Now, I have no idea why this happened and why somebody wasted time to do this ... it's just worse than before and the browser still does not expose multi touches ... come on guys, this phone did not deserve to die like this.
Ultra Powerful ... "broken" Androids
It does not matter if we have 16 cores in our expensive smart phone when developers life is made harder for no reason ... with most recent Android phones we could create any sort of web application but here again, no-f*cking-body exposes TouchList via browser except few tablets out there.OK, still better than nothing, as it is for IE9 Mobile, FF Mobile ( I will come back later to this one ), or webOS browser, but how comes 3rd parties browsers such Opera Mobile are able to bring TouchList and expose multi touches through the multi touches capable screen and native browsers are all lacking of this basic feature?
You don't even want to know how we managed to bring multiple touches in android devices, all you need to know is that is basically a hack and it requires a native application wrapper and this is, in my opinion, ridiculous!
Nowadays, all users with a friend that uses an iPhone, will consider the multi touch web app broken in its android: come on, I use two fingers in other things why I cannot do the same in this web site/application?
FireFox Mobile Fail
I don't know where to start with this browser ... I mean, guys, this is not Desktop, this is a touch screen. If you decide that the user cannot even scroll a paragraph horizontally because your freaking cool settings or bookmark view has to show up instead, you should create your own device and make the phone 3 times larger: 1/3 for the actual screen, 2/3 for your things nobody expect to appear during navigation.About touches, at least most recent version implements touch events but performances are still too bad compared with native browsers or Opera Mobile, and the fact settings or bookmarks show up when we touch close to the edge of the screen, plus the fact AFAIK there is no way to avoid this, make this browser not suitable for full screen web games/apps based on canvas: slow and unusable ... please fix/drop this!
UpdateIt must be said that latest FF mobile brings better canvas performances and apparently it exposes a not so fast WebGL. I dd not know this the moment I wrote this post so FF Mobile is definitively already going to the right direction.
iOS Gesture Events VS Others
These are not standard and nobody should care. The moment we can rely in TouchList and multi touches exposes through this interface, the problem is solved 'cause we can implement by our self any gesture we want.No need to wait 'till on spread/pinch are implemted and documented, just please give us TouchList and take your time after to do things properly. TouchList has been already defined ... that's all we need so far, thanks!
The Curious Case of Opera Mobile
Opera did weird things this year ... it switched from partial ES3 support to full ES 5.1 support ... what the hell guys, congratulations! Still there is no way to understand numbers of this browser (again: Opera Mobile, NOT Mini) .Today, I can say Opera Mobile is one of the fastest and most capable browsers I have been dealing with but the lack of many CSS3 features have been the arrow in the knee together with the fact Opera could have been the Phone Gap Like software of the year while they focused on ... I guess something else.
Don't give up guys, Opera Mobile is amazing and people may chose to download it as soon as most common HTML5/CSS3 things are working as expected and also you may expose freaking cool stuff without necessarily follow W3C, giving web developers the possibility to distribute applications directly through your browser as native wrapper ( and fallback to Webkit for iOS ) .
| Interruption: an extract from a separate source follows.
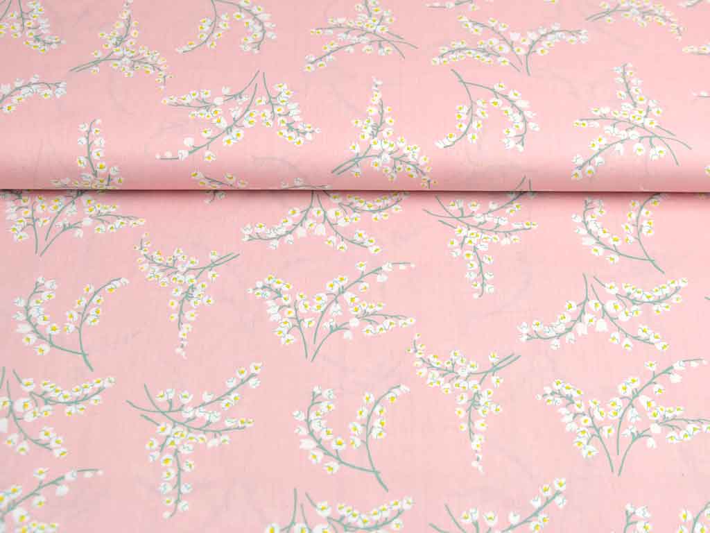 Ein rosa Baumwollstoff (Popelin) mit weißen Maiglöckchen, die einen gelben Blütenstempel haben.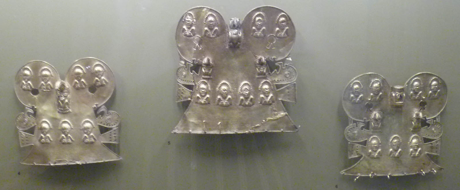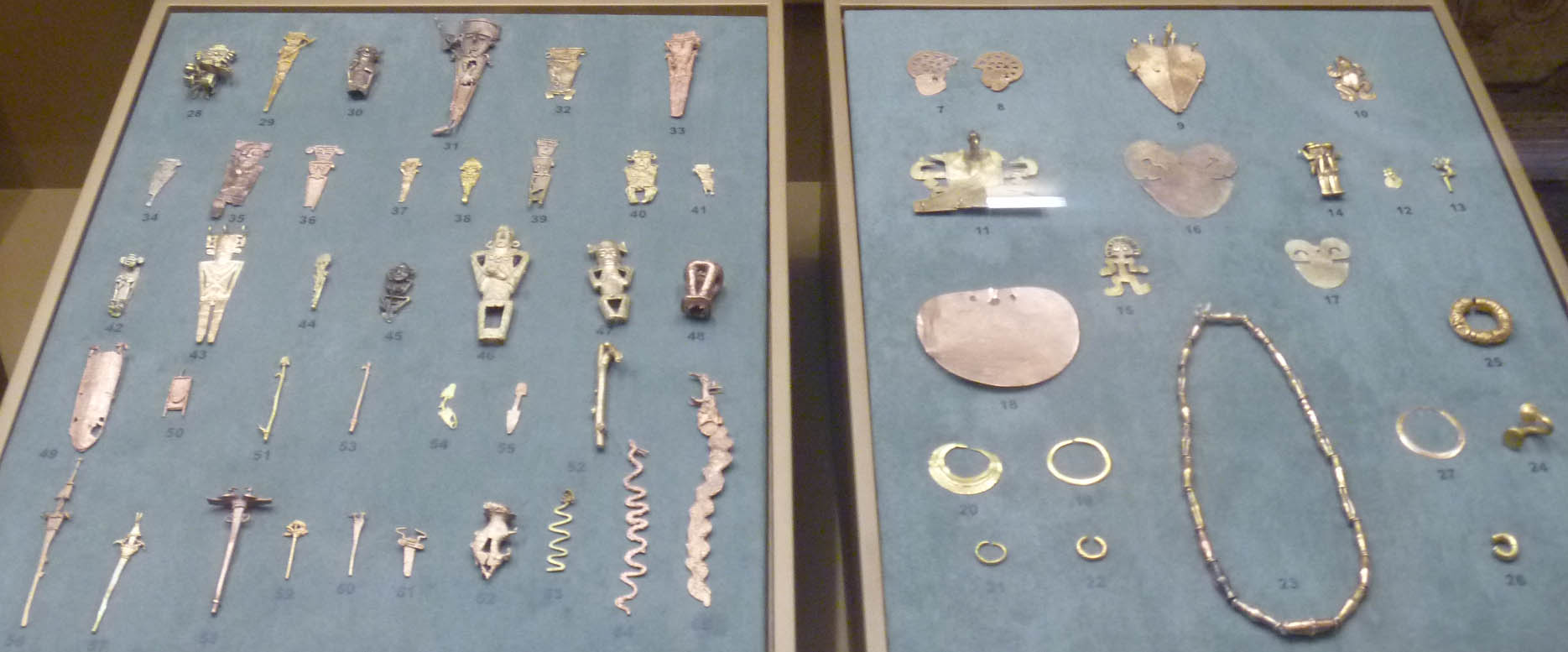 These are gold crowns from the ancient Muisca of Colombia, below are objects from the Muisca and Sinú. Some of these pieces may have reached the Vatican from the hands of the earliest explorers, Ojeda, Balboa, Pedrarias Davila, or the clerics who accompanied them. These men originated the myth of Eldorado (the golden land) in the New World. You can see history passing from the hand of one person to the next.

Opera has always been pioneer, and it's time to be pioneer on mobile too because on desktop I am afraid to tell you it's hard to compete. Firefox, Chrome, and Webkit Nightly, are really advanced and I believe bigger teams, what we are missing is a not so fragmented browser that works as expected in as many devices as possible because what I have seen with all webkit versions I have worked with this year was painful, hard, inconsistent, and WTF development oriented.
Last, but not least, If there is not SQL Database, don't put a native useless Database function on the global scope or shims are screwed and if you don't expose SQL Database, at least expose Indexed DB or shims are screwed.
Android Whatever
While many developers think that Android is an Operating System, I am every day more convinced that Android is a Super Kernel that has almost nothing to do with the Operating System itself.There are too many damn versions of Android, and even same major versions do not guarantee anything.
Every device must be tested a part because every device, with every vendor specific gotcha, software, or extra cool stuff, may behave differently. Funny enough, while I was thinking this is true for the webkit based browser only, there are many exceptions device specific that do not work as expected even natively ... oh, come on, don't call it OS!
If we think about Windows, almost every piece of hardware is supported. Then we have the classic crapware every single vendor puts by default in its own distributed piece of hardware ... fair enough, at least most basic things gonna work as expected in all of them ... right?
With Android, the most basic free version has almost nothing. Cyanogenmod is the basic example, once you install it, you gonna scream for apps you expect to be there and it comes up you need the specific Gapp package ( Google Applications ).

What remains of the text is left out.